**Exercise description:**
Go to the line with "TOYOTA PORTE 130I C PACKAGE - лот 4100" in the material below and copy from there through the line with "Chef à Domicile, Luxury", exactly. Pictures are not copied.
---- Records
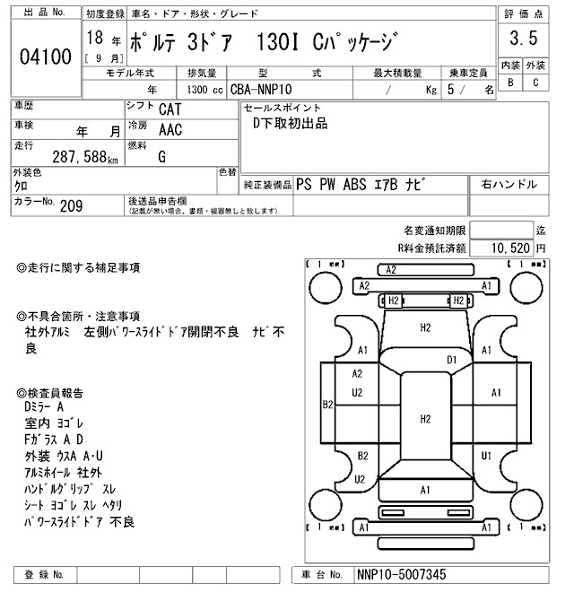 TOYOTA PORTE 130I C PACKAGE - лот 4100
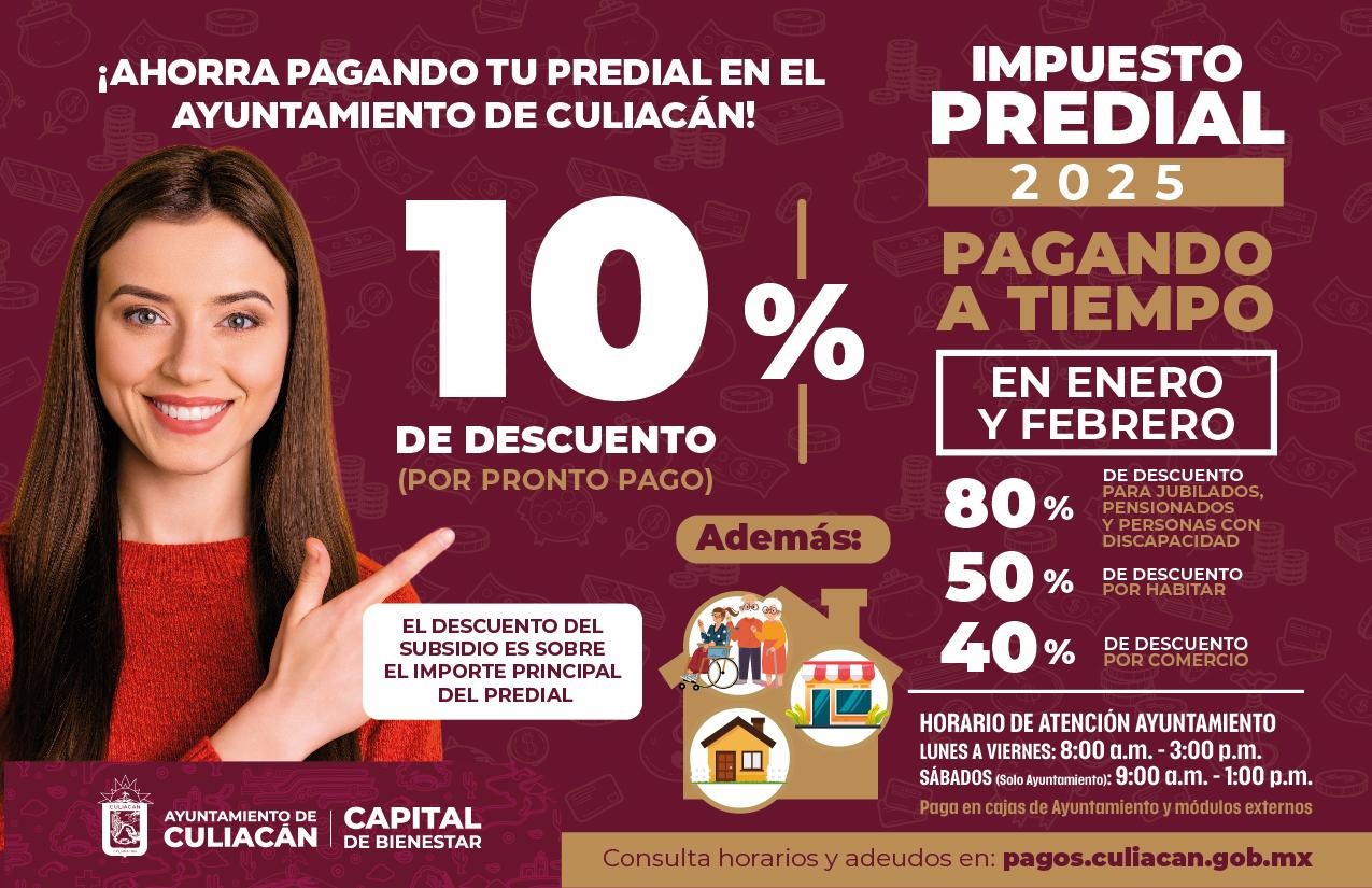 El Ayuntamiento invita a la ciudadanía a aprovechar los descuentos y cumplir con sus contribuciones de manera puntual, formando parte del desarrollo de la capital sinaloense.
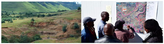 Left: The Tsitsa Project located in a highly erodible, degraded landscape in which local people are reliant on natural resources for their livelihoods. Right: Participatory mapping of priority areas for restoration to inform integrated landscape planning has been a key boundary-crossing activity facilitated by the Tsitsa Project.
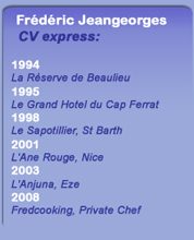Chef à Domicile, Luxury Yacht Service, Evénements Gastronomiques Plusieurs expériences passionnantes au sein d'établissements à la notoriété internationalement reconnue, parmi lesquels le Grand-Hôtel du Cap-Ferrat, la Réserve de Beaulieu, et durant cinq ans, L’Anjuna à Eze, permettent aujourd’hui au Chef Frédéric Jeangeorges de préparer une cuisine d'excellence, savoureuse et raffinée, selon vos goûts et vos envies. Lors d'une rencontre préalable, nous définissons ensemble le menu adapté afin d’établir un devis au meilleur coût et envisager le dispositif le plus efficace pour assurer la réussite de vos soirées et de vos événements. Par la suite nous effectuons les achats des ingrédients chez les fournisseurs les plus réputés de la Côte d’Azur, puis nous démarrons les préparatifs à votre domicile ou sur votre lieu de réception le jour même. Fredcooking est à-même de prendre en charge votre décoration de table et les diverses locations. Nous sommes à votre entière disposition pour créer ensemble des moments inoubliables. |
--------
---- Records
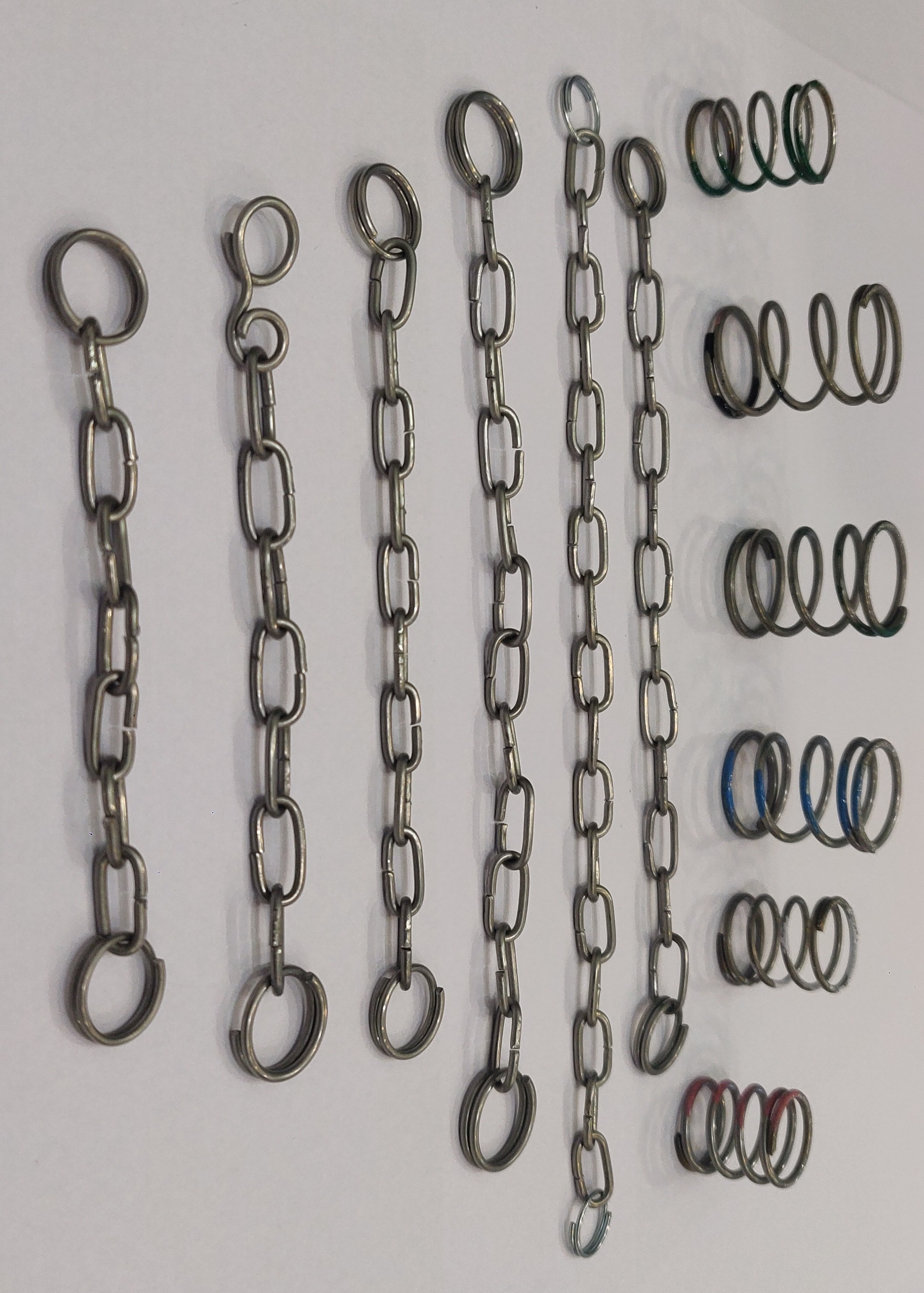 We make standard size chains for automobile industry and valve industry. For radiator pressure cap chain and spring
--------
---- Records
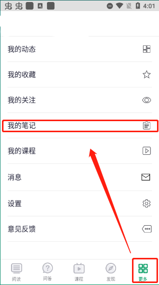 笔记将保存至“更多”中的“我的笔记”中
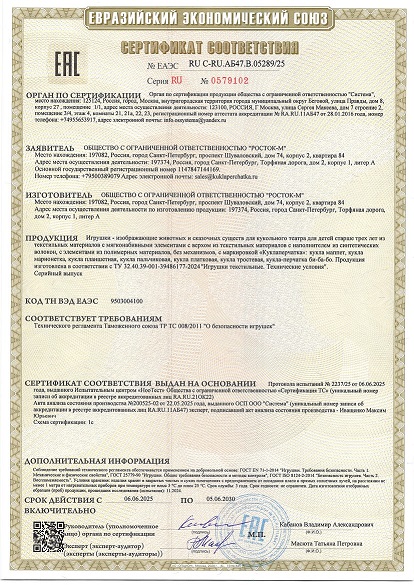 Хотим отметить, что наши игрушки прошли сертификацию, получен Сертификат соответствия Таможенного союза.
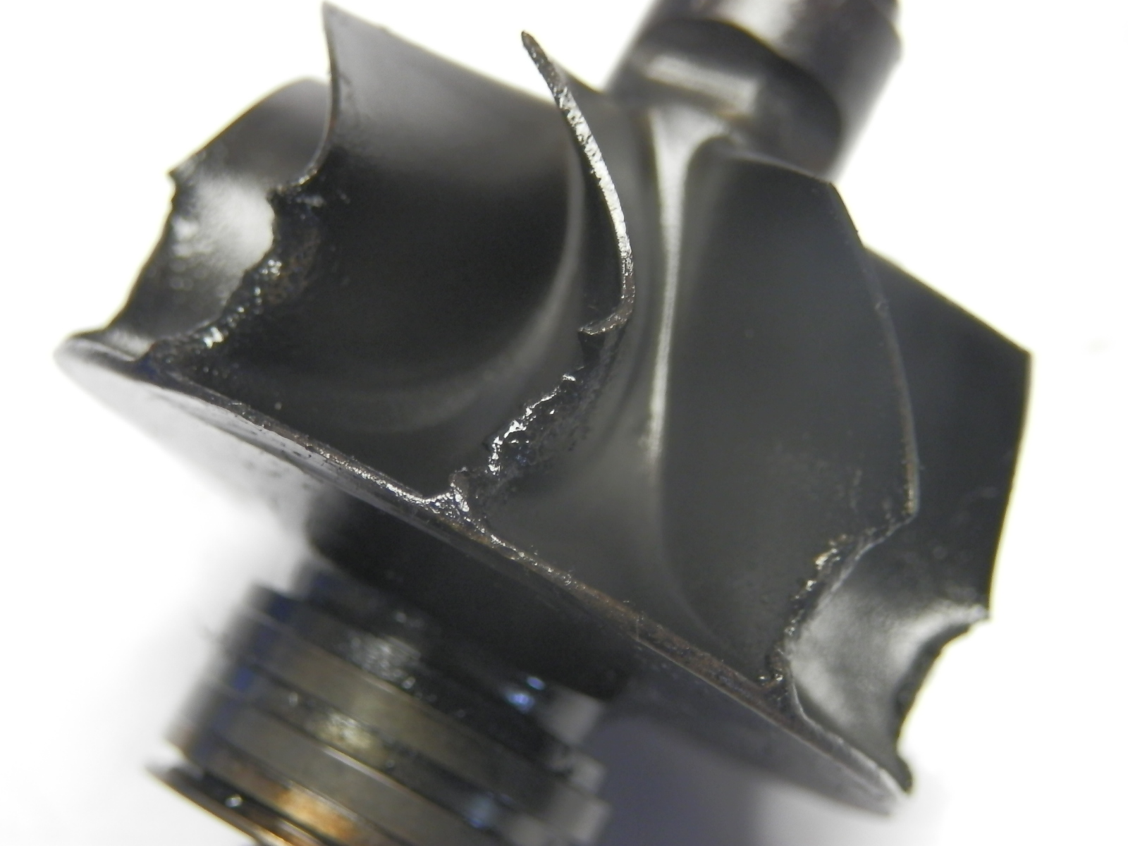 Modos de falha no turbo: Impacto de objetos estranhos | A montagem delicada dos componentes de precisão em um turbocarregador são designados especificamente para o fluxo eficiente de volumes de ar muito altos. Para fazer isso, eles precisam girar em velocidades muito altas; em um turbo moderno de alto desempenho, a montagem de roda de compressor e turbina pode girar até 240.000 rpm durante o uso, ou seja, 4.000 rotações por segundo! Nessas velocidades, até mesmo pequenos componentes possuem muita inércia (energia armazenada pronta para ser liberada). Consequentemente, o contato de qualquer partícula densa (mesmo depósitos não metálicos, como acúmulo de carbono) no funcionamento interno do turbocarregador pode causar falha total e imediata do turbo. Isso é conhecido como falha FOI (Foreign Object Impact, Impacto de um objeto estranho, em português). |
--------
**Written reply:**
 TOYOTA PORTE 130I C PACKAGE - лот 4100
 El Ayuntamiento invita a la ciudadanía a aprovechar los descuentos y cumplir con sus contribuciones de manera puntual, formando parte del desarrollo de la capital sinaloense.
 Left: The Tsitsa Project located in a highly erodible, degraded landscape in which local people are reliant on natural resources for their livelihoods. Right: Participatory mapping of priority areas for restoration to inform integrated landscape planning has been a key boundary-crossing activity facilitated by the Tsitsa Project.
Chef à Domicile, Luxury Yacht Service, Evénements Gastronomiques Plusieurs expériences passionnantes au sein d'établissements à la notoriété internationalement reconnue, parmi lesquels le Grand-Hôtel du Cap-Ferrat, la Réserve de Beaulieu, et durant cinq ans, L’Anjuna à Eze, permettent aujourd’hui au Chef Frédéric Jeangeorges de préparer une cuisine d'excellence, savoureuse et raffinée, selon vos goûts et vos envies. Lors d'une rencontre préalable, nous définissons ensemble le menu adapté afin d’établir un devis au meilleur coût et envisager le dispositif le plus efficace pour assurer la réussite de vos soirées et de vos événements. Par la suite nous effectuons les achats des ingrédients chez les fournisseurs les plus réputés de la Côte d’Azur, puis nous démarrons les préparatifs à votre domicile ou sur votre lieu de réception le jour même. Fredcooking est à-même de prendre en charge votre décoration de table et les diverses locations. Nous sommes à votre entière disposition pour créer ensemble des moments inoubliables. |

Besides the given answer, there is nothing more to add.